Keywords: Antemortem data, forensic odontology, mass disaster, personal identification

How to cite this article:
Nadil A, Shanavas A, Baby GG, Daniel VA, Mary G J. Role of antemortem data in forensic odontology: A literature review. Int J Forensic Odontol 2019;4:48-9

How to cite this URL:
Nadil A, Shanavas A, Baby GG, Daniel VA, Mary G J. Role of antemortem data in forensic odontology: A literature review. Int J Forensic Odontol [serial online] 2019 [cited 2024 Feb 21];4:48-9. Available from: https://www.ijofo.org/text.asp?2019/4/2/48/274051

  Introduction Top

Forensic odontology or forensic dentistry was defined by Keiser-Neilson in 1970 as “the branch of forensic medicine which in the interest of justice deals with the proper handling and examination of dental evidence and with the proper evaluation and presentation of the dental findings.” As of history, forensic dentistry originated at 49 A.D from Agrippina, the mother of Roman Emperor Nero, when she recognized her rival Lollia Paulina's discolored front tooth after her assassination.[1] As natural teeth are the most durable organs in the human body, it is very helpful in the identification of people in mass disasters, accidents, or where the bodies cannot be recognized by visual methods. A comparison of antemortem (AM) and postmortem (PM) dental records is considered to be a reliable method in determining human identity. Disaster victim identification (DVI) is the method used to identify victims of mass disaster incidents such as natural calamities, bomb blast, and aircraft crashes. Forensic odontology has a role in determining age, race, previous dental history, and socioeconomic factors of unidentified individuals.

  Antemortem Data Top

Different methods employed in forensic dentistry include radiographs, dental casts, dental photographs, cheiloscopy, bite mark analysis, tooth prints, and dental DNA analysis.[2] The dental record contains legal document and contains subjective and objective information about the patient.
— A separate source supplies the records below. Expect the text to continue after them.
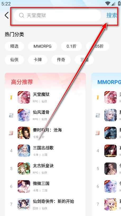 2、点击上方的搜索(suo)框进入,输入游戏名即可查找游戏。
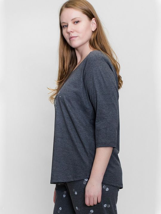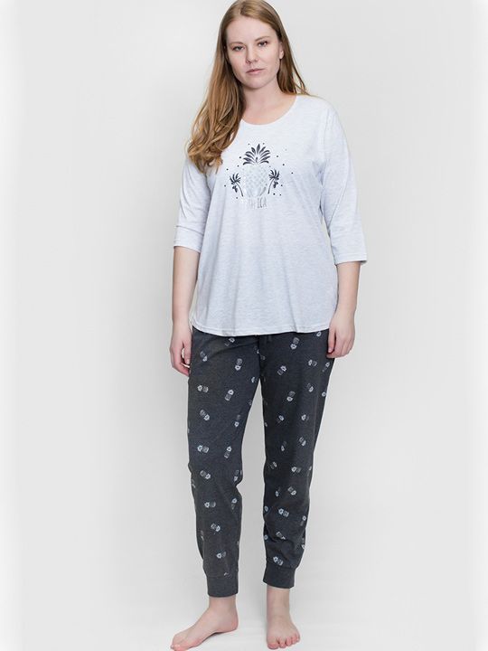 Трикотажный комплект. Футболка из однотонной ткани с принтом и с длинным рукавом, брюки свободного покроя в мелкий рисунок на манжете. В комплекте: футболка, брюки.
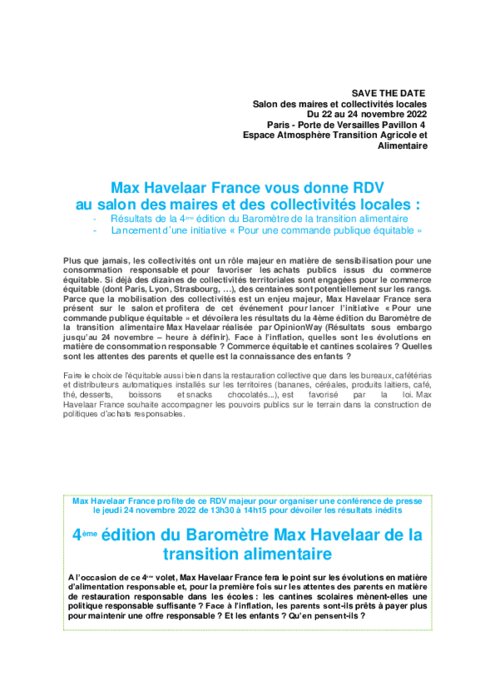 4ème édition du Baromètre Max Havelaar de la transition alimentaire
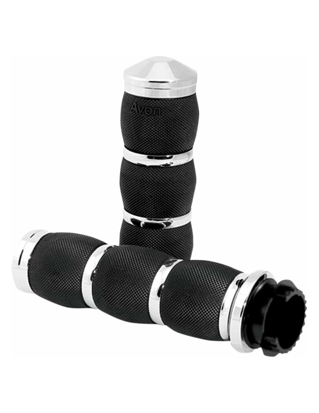 Avon GripsManopola con cuscinetti d'aria a 3 anelliCon terminali e anelli in alluminio billet e tecnologia di impugnatura in gomma senza giunzioni AVONIdeata con un materiale molto morbido, duraturo e ad azione viscosaMade in USA
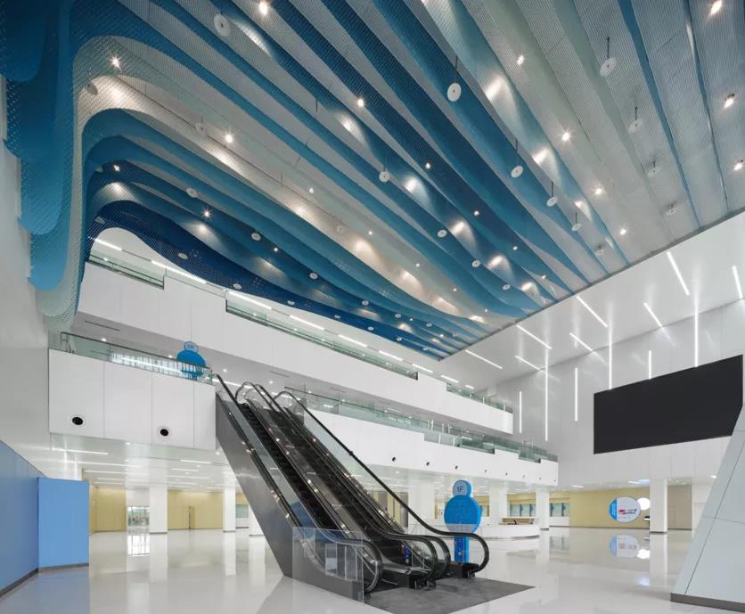 醫(yī)技樓門診空間人流量較大,功能上屬于集約等候、辦理、中轉(zhuǎn)、接待的樞紐性空間,集約滿足未來就醫(yī)功能的信息化體現(xiàn),進(jìn)行人工掛號+線上自組掛號系統(tǒng)、互動屏幕等點位設(shè)置,在營造婦女兒童醫(yī)院氛圍同時,采用簡潔照明系統(tǒng)和耐久易清潔環(huán)保材料,在醒目多變色彩空間中相對更加突出簡潔、白凈,便于識別。

Physical examination of the dentition and supporting oral and surrounding structures must be recorded. Clinical and radiographic records must be kept for minimum of 7-10 years. Pediatric dental patients' records should be retained until the patient reaches the age of maturity.[3] In 2008, the International Committee of the Red Cross (ICRC) launched its AM/PM Database to ide large quantities of data on missing persons and unidentified human remains. Development of the AM/PM Database by the ICRC began in 2005 in consultation with numerous organizations and experts worldwide. The AM/PM Database was made available for use in 2008.

  Methods Top

Review of literature from PubMed indexed, Medline indexed, and Embase database articles was done. A total number of 464 articles from the time period 2000–2018 were reviewed and the review of these articles suggested a definitive role of AM data collection and its significance. Most of the articles were from the US, Europe, the Middle East, and Southeast Asia. However, the record maintenance and AM database with regular updating were found lacking in India. The different methods of AM data collection and materials are discussed below.

  Discussion Top

Methods of antemortem data

  1. Personal information data – It is the data that could potentially identify a specific individual. It consists of medical, physical, dental data.
  2. Radiographs – AM radiographs play a major role in the identification of the deceased one. Various pathological and morphological alterations can be identified from the radiographs. These alterations can be compared with that of the PM dental records. Crown and root morphology aids in the identification. The presence of decayed tooth, missing tooth, restored tooth, fractured tooth, and impacted tooth are some of the common aids in the identification
  3. Dental casts, photographs, and case history sheet – These can be used as a positive identification of the deceased when compared to PM findings. People who often visit dentists and get restorative and prosthetic treatments are more likely to be identified by this method. AM records are collected and then compared with PM record
  4. Lip prints (cheiloscopy) – This method is based on the analysis of wrinkles and grooves on the lip. Lip prints are unique for each individual as of fingerprints. Grooves can be classified as vertical grooves, branched grooves, intersected grooves, reticular grooves, etc., One common problem encountered during the cheiloscopic studies is that of smudging leading to unidentifiable marks when the grooves are not clear, individual identification is extremely difficult using this method.[4]
  5. Bite mark analysis – Bite can be defined as the mark made by human or animal teeth in the skin of alive people, cadavers, or unanimated objects with relatively softened consistency.[5] Bite marks are the impressions left on food, skin, or other items left at a crime scene. It can be classified as tooth pressure marks, tongue pressure marks, and tooth scrape marks. Besides the agent identification, it can also be used to identify the kind of violence and the elapsed time between its production and the examination.
  6. Dental DNA analysis – Dental structures are relatively more resistant to extreme conditions. Techniques involving DNA in forensic dentistry offer a new tool when traditional identification methods fail due to the effects of heat, traumatism, or autolytic processes as well as in distortions and difficulties in analysis.[6] DNA can be extracted from pulp, cementum, dentin, etc., Extraction can be done by cytogenetic grinding. Obtained DNA is amplified by polymerase chain reaction.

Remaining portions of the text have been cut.